After the story that originated here on Stuff and was carried by automotive blogs that all shared the general sentiment of disbelief, LTA has finally issued an official explanation on why Joe Nguyen was stuck with a S$15,000 tax surcharge for his imported secondhand Tesla S.
Long story short, based on the tests run by VICOM Emission Test Laboratory (VeTL), the secondhand Tesla S had an electrical energy consumption of 444 Wh/km, thus placing it in the Carbon Emissions Vehicle Scheme (CEVS) C3 surcharge band which means it's subject to a S$15,000 tax.
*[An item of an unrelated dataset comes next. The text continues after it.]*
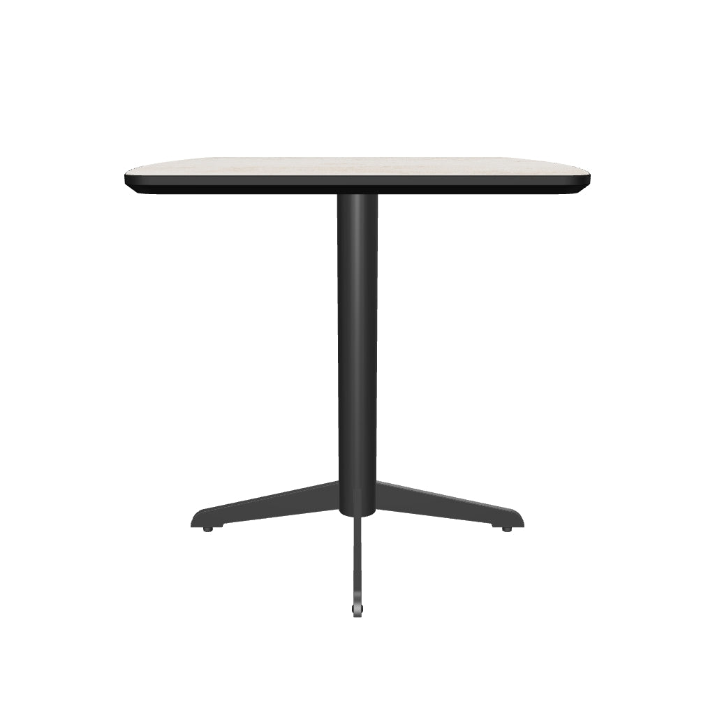 - An elegant marble-finished square MFC top with a calcite tone and a four-pronged sleek black metallic powder-coated base give it a modern feel.

However, if it had been brand new, it would have been eligible for a rebate as its energy consumption would be lower (Tesla informed the LTA that the car's energy consumption rating was 181 Wh/km when it first left the factory back on 28 June 2014) and would have put it in the CEVS A1 band.
"Electric cars are not carbon emissions free. They may not produce emissions from the tailpipe like conventional cars, but they take electrical power from the national power grid which has to burn fuel to produce the electricity, and in the process produces carbon emissions."
Because it's a used car, it had to go through those different VeTL tests "since LTA would not know how much the car’s condition might have deteriorated".
We wonder what Elon Musk has to say about LTA’s statement.